##### Dataset extract #####
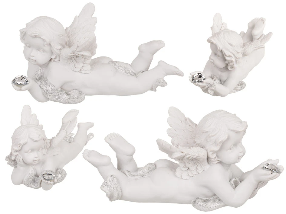• Figurka leżącego aniołka trzymającego kryształowe serce
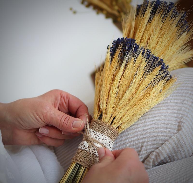 Украинский рождественский предохранен. Из колисков отборной пшеницы изготавливают дедуха или рождественского снопа, который символизирует связь поколений, изобилие, благополучие. На праздник это символблагодара рода, земли, это предохраняет для семьи. Для этого дедуха я использовала костяшки и выращенную собственноручно лаванду, Колоски пшеницы для изобилия, лаванда для очистки, защиты оселі . Также лаванда и колоски, - красивое эстетическое сочетание и нежный натуральный аромат.
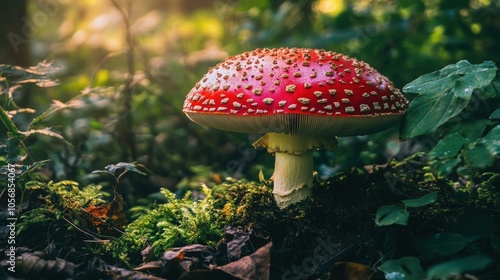 A red mushroom illuminated by dappled sunlight in the middle of a dense
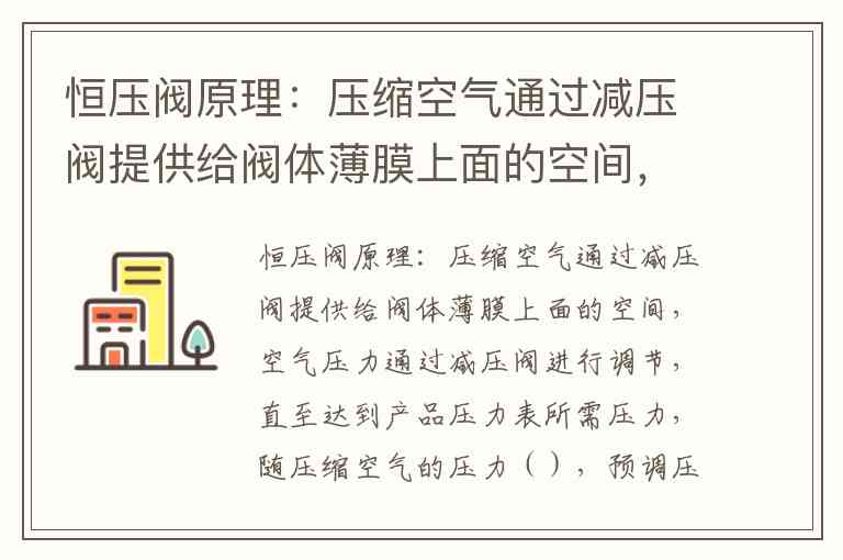 恒压阀原理:压缩空气通过减压阀提供给阀体薄膜上面的空间,空气压力通过减压阀进行调节,直至达到产品压力表所需压力,随压缩空气的压力(),预调压力() A. 变大,变大 B. 变大,变小 C. 变小,变大 D. 变化,不变
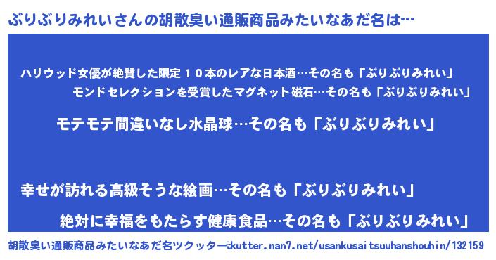 | ヘコむあだ名 | 『ぶりもー』『ぶりぶりみれい(笑)』 |
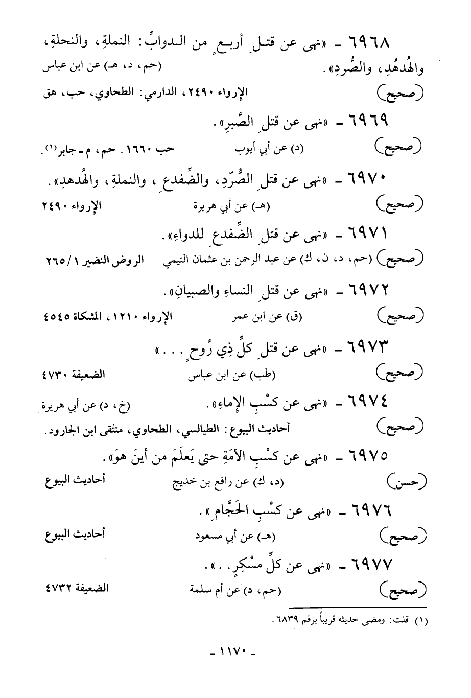 6973 - «نهى عن قتل كل ذي روح.. ... » .
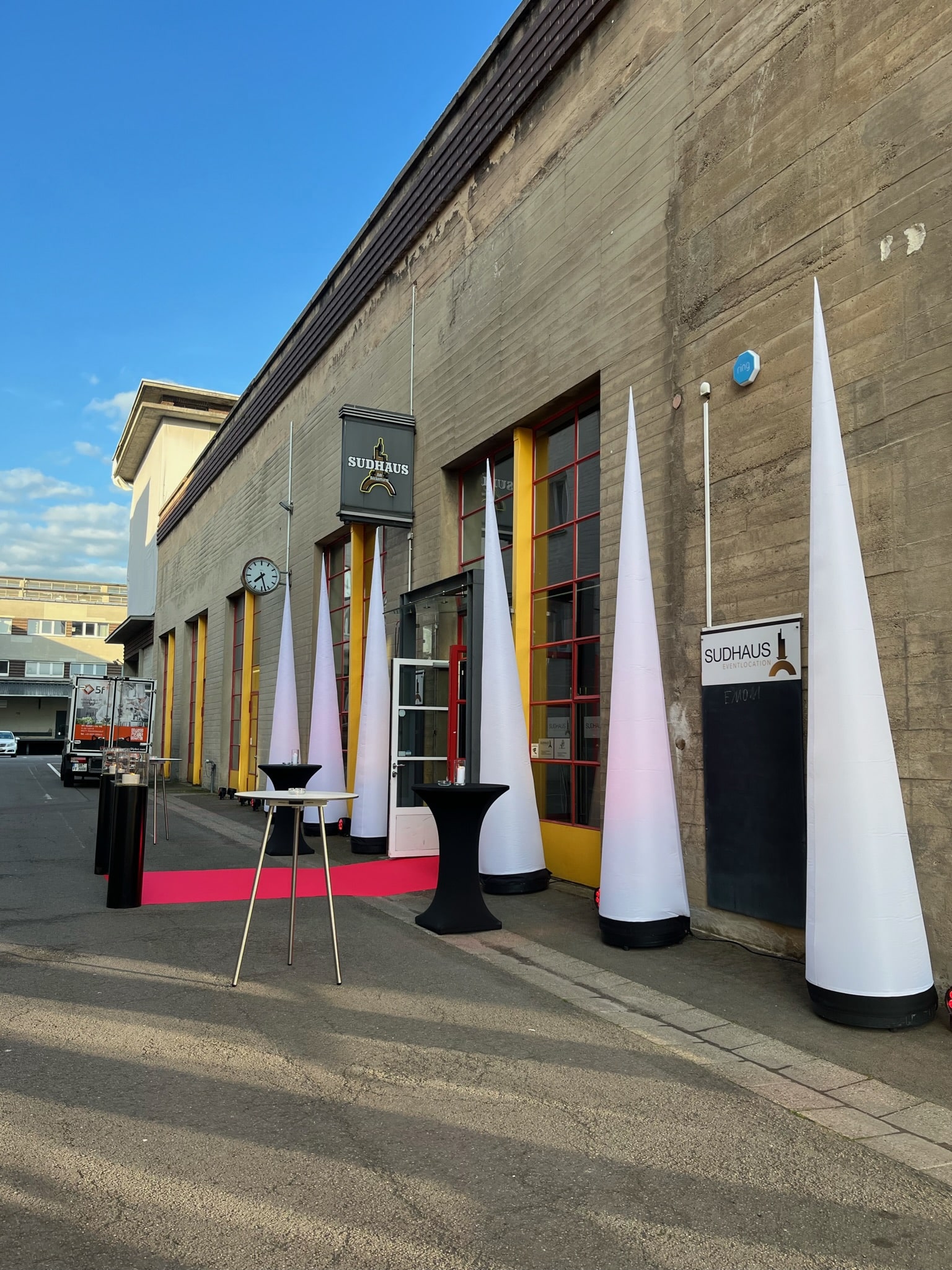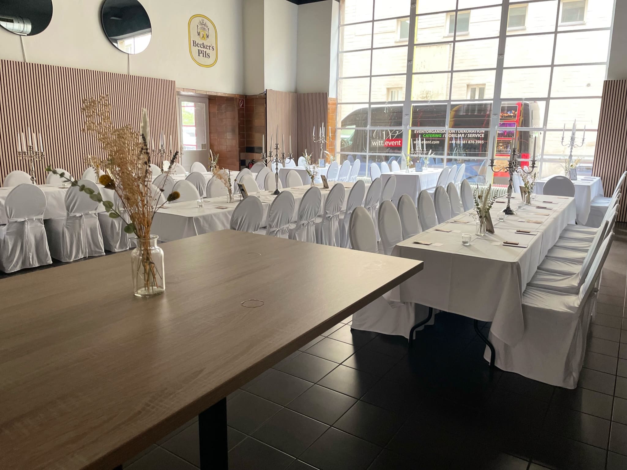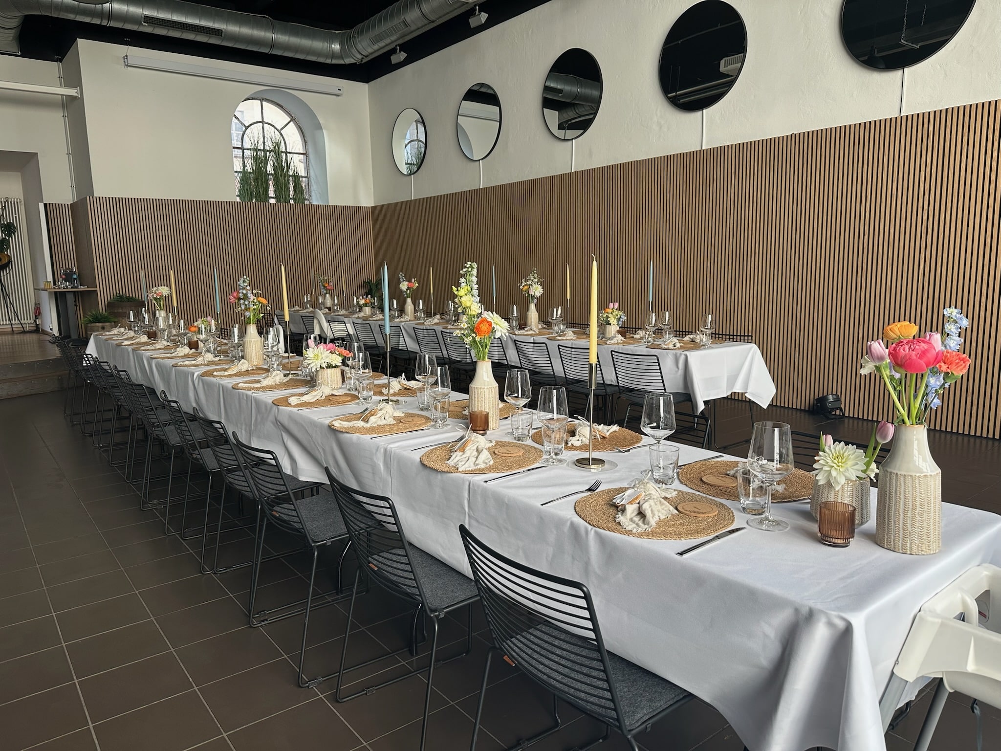 Als Herzstück des Innovationsparks am Beckerturm kombiniert das Sudhaus industrielle (Brau-)Geschichte mit modernen, liebevoll gestalteten Details. Unsere Raumaufteilung (Festsaal und separater Bar-/Buffetbereich) ermöglicht es euch, Essen und Feier voneinander zu trennen und so in beiden Bereichen eine dem Anlass entsprechende Atmosphäre zu schaffen.
#####
### Task
Would you return the records exactly, keeping out every picture?

### Output of the task
• Figurka leżącego aniołka trzymającego kryształowe serce
 Украинский рождественский предохранен. Из колисков отборной пшеницы изготавливают дедуха или рождественского снопа, который символизирует связь поколений, изобилие, благополучие. На праздник это символблагодара рода, земли, это предохраняет для семьи. Для этого дедуха я использовала костяшки и выращенную собственноручно лаванду, Колоски пшеницы для изобилия, лаванда для очистки, защиты оселі . Также лаванда и колоски, - красивое эстетическое сочетание и нежный натуральный аромат.
 A red mushroom illuminated by dappled sunlight in the middle of a dense
 恒压阀原理:压缩空气通过减压阀提供给阀体薄膜上面的空间,空气压力通过减压阀进行调节,直至达到产品压力表所需压力,随压缩空气的压力(),预调压力() A. 变大,变大 B. 变大,变小 C. 变小,变大 D. 变化,不变
 | ヘコむあだ名 | 『ぶりもー』『ぶりぶりみれい(笑)』 |
 6973 - «نهى عن قتل كل ذي روح.. ... » .
 Als Herzstück des Innovationsparks am Beckerturm kombiniert das Sudhaus industrielle (Brau-)Geschichte mit modernen, liebevoll gestalteten Details. Unsere Raumaufteilung (Festsaal und separater Bar-/Buffetbereich) ermöglicht es euch, Essen und Feier voneinander zu trennen und so in beiden Bereichen eine dem Anlass entsprechende Atmosphäre zu schaffen.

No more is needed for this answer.